Records to use →
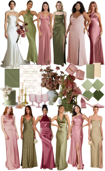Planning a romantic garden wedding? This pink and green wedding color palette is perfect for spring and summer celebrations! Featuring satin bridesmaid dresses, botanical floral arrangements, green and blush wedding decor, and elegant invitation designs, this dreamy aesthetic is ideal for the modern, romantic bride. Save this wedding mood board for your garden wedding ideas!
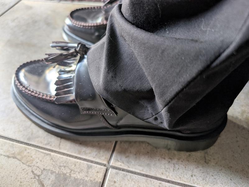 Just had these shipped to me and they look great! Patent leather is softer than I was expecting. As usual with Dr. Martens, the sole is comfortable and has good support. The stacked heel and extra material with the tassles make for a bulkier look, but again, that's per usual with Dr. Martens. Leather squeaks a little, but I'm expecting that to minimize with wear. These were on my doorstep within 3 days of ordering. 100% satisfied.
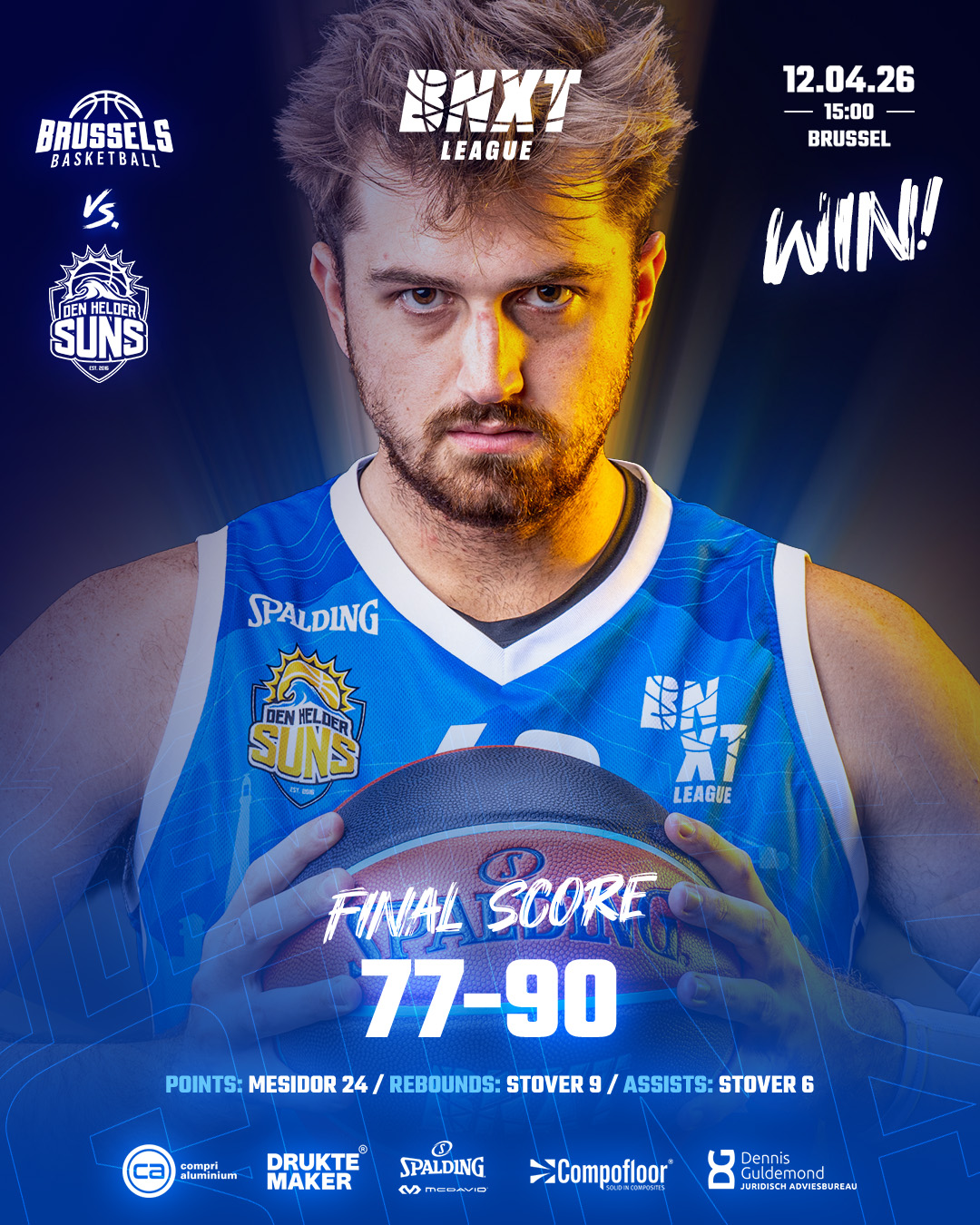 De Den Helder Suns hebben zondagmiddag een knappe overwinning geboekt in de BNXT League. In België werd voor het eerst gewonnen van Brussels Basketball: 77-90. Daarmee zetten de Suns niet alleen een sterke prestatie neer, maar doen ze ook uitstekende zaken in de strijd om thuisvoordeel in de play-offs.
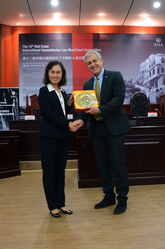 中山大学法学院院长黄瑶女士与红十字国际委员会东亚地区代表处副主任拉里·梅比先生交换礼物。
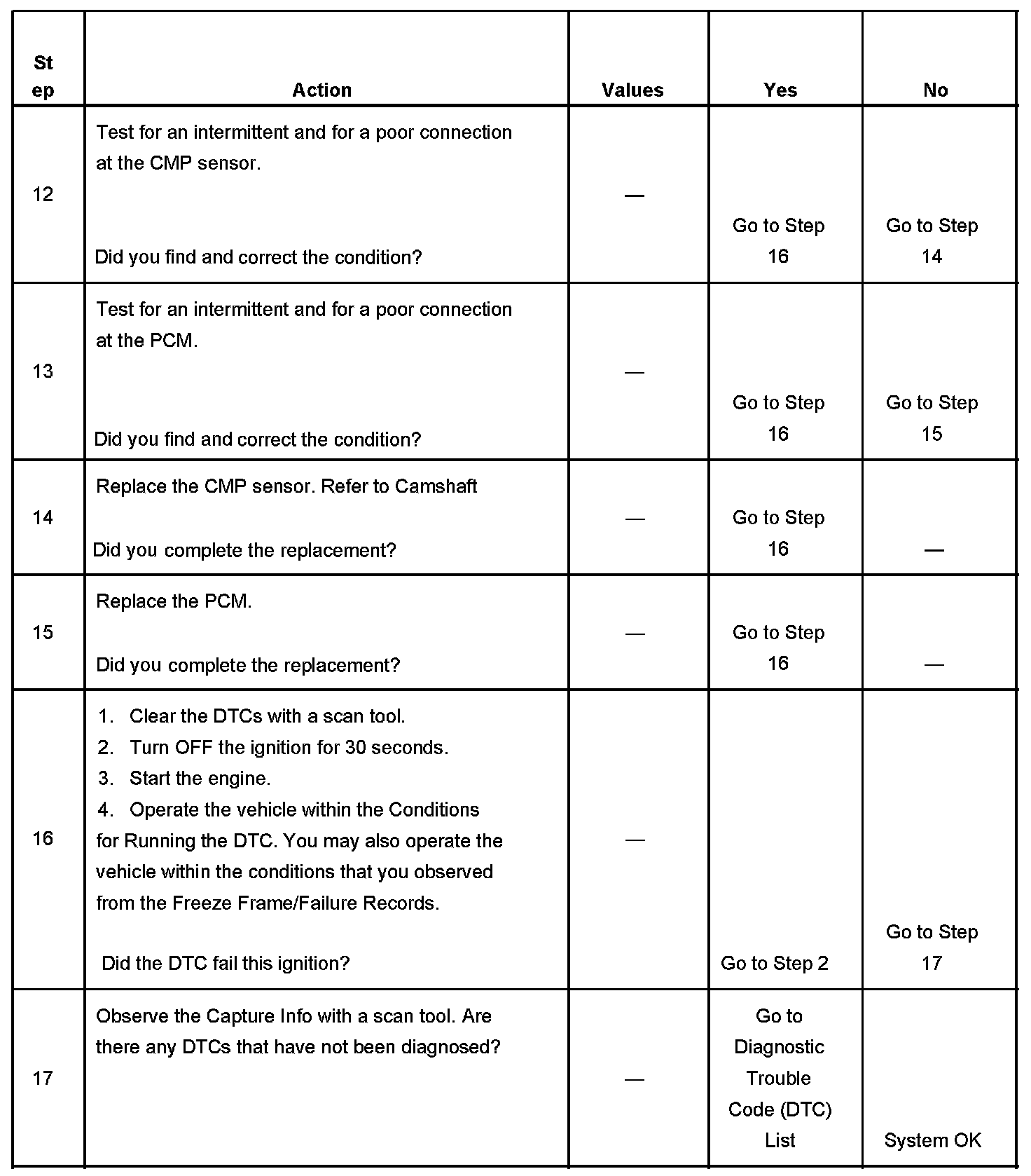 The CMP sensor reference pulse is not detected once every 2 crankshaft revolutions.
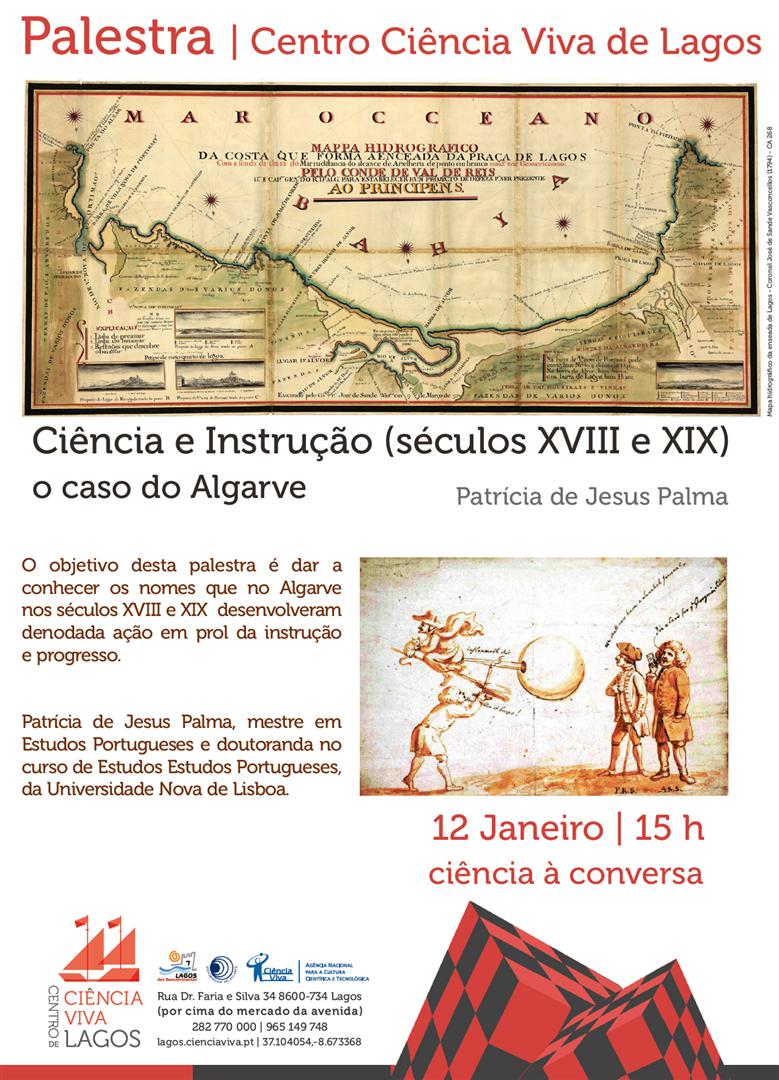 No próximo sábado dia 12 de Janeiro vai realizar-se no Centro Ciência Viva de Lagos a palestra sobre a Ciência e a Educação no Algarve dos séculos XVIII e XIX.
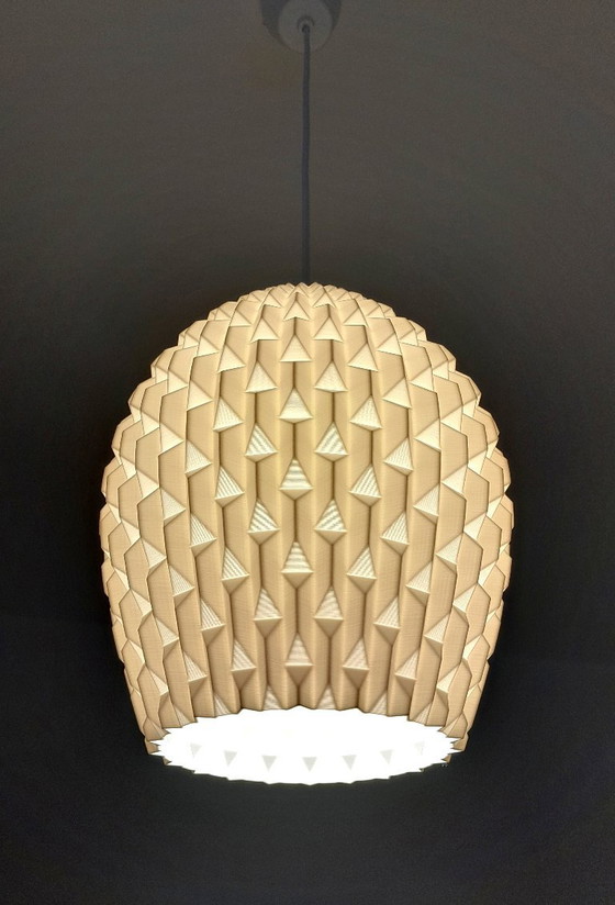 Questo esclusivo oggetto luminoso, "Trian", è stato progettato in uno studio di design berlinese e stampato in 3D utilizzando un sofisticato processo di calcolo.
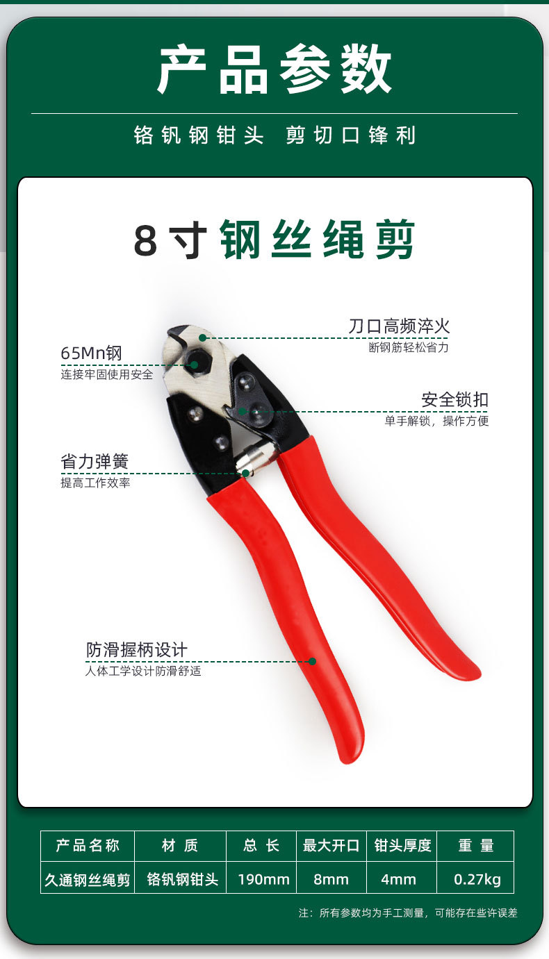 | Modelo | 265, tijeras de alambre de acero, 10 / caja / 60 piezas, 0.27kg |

What this task involves →
Once the images are removed, print the remaining data exactly as it appears above.

The completed task →
Planning a romantic garden wedding? This pink and green wedding color palette is perfect for spring and summer celebrations! Featuring satin bridesmaid dresses, botanical floral arrangements, green and blush wedding decor, and elegant invitation designs, this dreamy aesthetic is ideal for the modern, romantic bride. Save this wedding mood board for your garden wedding ideas!
 Just had these shipped to me and they look great! Patent leather is softer than I was expecting. As usual with Dr. Martens, the sole is comfortable and has good support. The stacked heel and extra material with the tassles make for a bulkier look, but again, that's per usual with Dr. Martens. Leather squeaks a little, but I'm expecting that to minimize with wear. These were on my doorstep within 3 days of ordering. 100% satisfied.
 De Den Helder Suns hebben zondagmiddag een knappe overwinning geboekt in de BNXT League. In België werd voor het eerst gewonnen van Brussels Basketball: 77-90. Daarmee zetten de Suns niet alleen een sterke prestatie neer, maar doen ze ook uitstekende zaken in de strijd om thuisvoordeel in de play-offs.
 中山大学法学院院长黄瑶女士与红十字国际委员会东亚地区代表处副主任拉里·梅比先生交换礼物。
 The CMP sensor reference pulse is not detected once every 2 crankshaft revolutions.
 No próximo sábado dia 12 de Janeiro vai realizar-se no Centro Ciência Viva de Lagos a palestra sobre a Ciência e a Educação no Algarve dos séculos XVIII e XIX.
 Questo esclusivo oggetto luminoso, "Trian", è stato progettato in uno studio di design berlinese e stampato in 3D utilizzando un sofisticato processo di calcolo.
 | Modelo | 265, tijeras de alambre de acero, 10 / caja / 60 piezas, 0.27kg |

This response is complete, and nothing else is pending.